Connect Auto Exposure, Auto Focus and then

Therefore, △ ABC ∽△ AEF...........( 10)

Let AH⊥EF and vertical foot be h, then AH=PD. It can be obtained from △ABC∽△AEF.

Therefore,

So ........... (20 points)

2010-3-2112: 41reply

122.76. 166.* Third floor

12. As shown in the figure, parabola (a 0) and hyperbola intersect at point A and point B. It is known that the coordinate of point A is (1 4), point B is in the third quadrant, and the area of △AOB is 3(O is the coordinate origin).

(1) The values of real numbers A, B and K;

(2) Take the point A on the parabola as the straight line AC‖x axis, intersect with the parabola at another point C, and find the coordinates of all points E satisfying △EOC∽△AOB.

Solution: (1) Because point A (1, 4) is on a hyperbola,

Therefore, k=4. So the functional expression of hyperbola is.

If the function expression of the line where point B(t,) and AB are located is, then there is

Solve,.

Therefore, the coordinate of the intersection of straight line AB and Y axis is 0, so

, organized,

Solution, or t = (rounding). So the coordinates of point B are (,).

Because both point A and point B are on the parabola (a 0), the solution is ............. (10 point).

(2) As shown in the figure, because AC‖x axis is C (,4), so Co = 4. BO=2, so.

Let the parabola (a 0) intersect with the negative semi-axis of X axis at point D, and the coordinate of point D is (0).

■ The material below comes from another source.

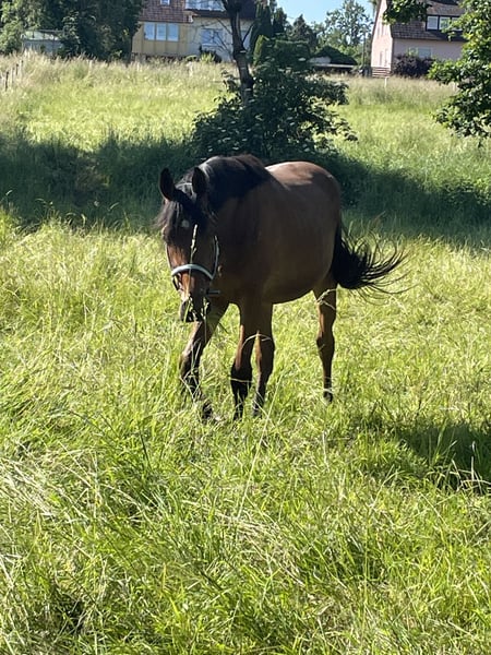 Verkaufe deutsche Sportstute – ideal für den Freizeitbereich oder zur Zucht! 3-jährige Stute als gehobenes Freizeitpferd/Zuchtstute zu verkaufen ( Adzaro de L‘Abbaye x Ludwig von Bayern x Zeus ) HOPE ist eine brave, bildhübsche braune Stute, leider hat sie vorne eine leichte Fehlstellung.Die Fehlstellung macht ihr keine Probleme . Aktuell steht sie noch in der Herde und ist roh. Sie kann aber gerne noch bei uns angeritten werden. Wir wünschen uns für sie ein 5 ⭐️ Zuhause Wegen der Fehlstellung unter Wert abzugeben! Platz vor Preis !!! Bei Interesse oder weiteren Fragen stehe ich Ihnen gerne zur Verfügung. Vereinbaren Sie gerne einen Termin für eine Besichtigung und ein Kennenlernen! 0171 8282493
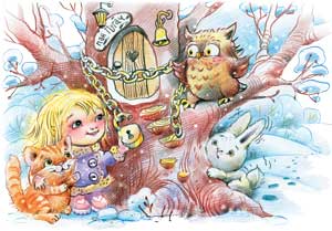 Дійові особи: Іванка, Остап, Кіт, Пугач, Зайчик, святий Миколай.

Because ∠ COD = ∠ BOD =, ∠COB=.

(i) Rotate △ clockwise around point O to get △. At this time, point (2) is the midpoint of CO, and the coordinates of this point are (4,).

Extend to point so that =, then point (8,) is the qualified point.

(ii) making a symmetrical figure δ about the X axis to obtain a point (1,); Extend to point so that =, then point E2(2,) is the qualified point.

So, the coordinates of this point are (8,) or (2,). ...................................................................................................................................................

13. Find all prime numbers p and positive integers m that are satisfied.

Solution: set by the problem,

Therefore, since P is a prime number, or ... (5 points)

(1) If, let, k is a positive integer, then,

Therefore, therefore.

So the solution is ............ (10)

(2) If, let and k are positive integers.

When, when,

Therefore, therefore, it is still 2.

Because it's strange, so, therefore.

therefore

It is out of the question.

When,,; If,, there is no positive integer solution; When there is no positive integer solution.

To sum up, the prime number p=5 and the positive integer M = 9....................(20 points).

What is the maximum number of 20 10 positive integers of 14. 1 2, …, 20 10 that can be taken out, so that the sum of any three numbers can be divisible by 33?

Solution: First of all, the following figures are 61:1,,,,(i.e. 199 1) ......................... (5 points).

On the other hand, suppose it is a number that satisfies the conditions listed in 1, 2, …, 20 10. For any four of these n numbers, because

, ,

So ...

So the difference between any two numbers is a multiple of 33 (10 point).

Let, i= 1, 2, 3, …, n.

By, by,

Therefore, it is ≥11............ (15 points).

≤ ,

So ≤60. Therefore, n≤6 1.

To sum up, the maximum value of n is 61....................... (20 points).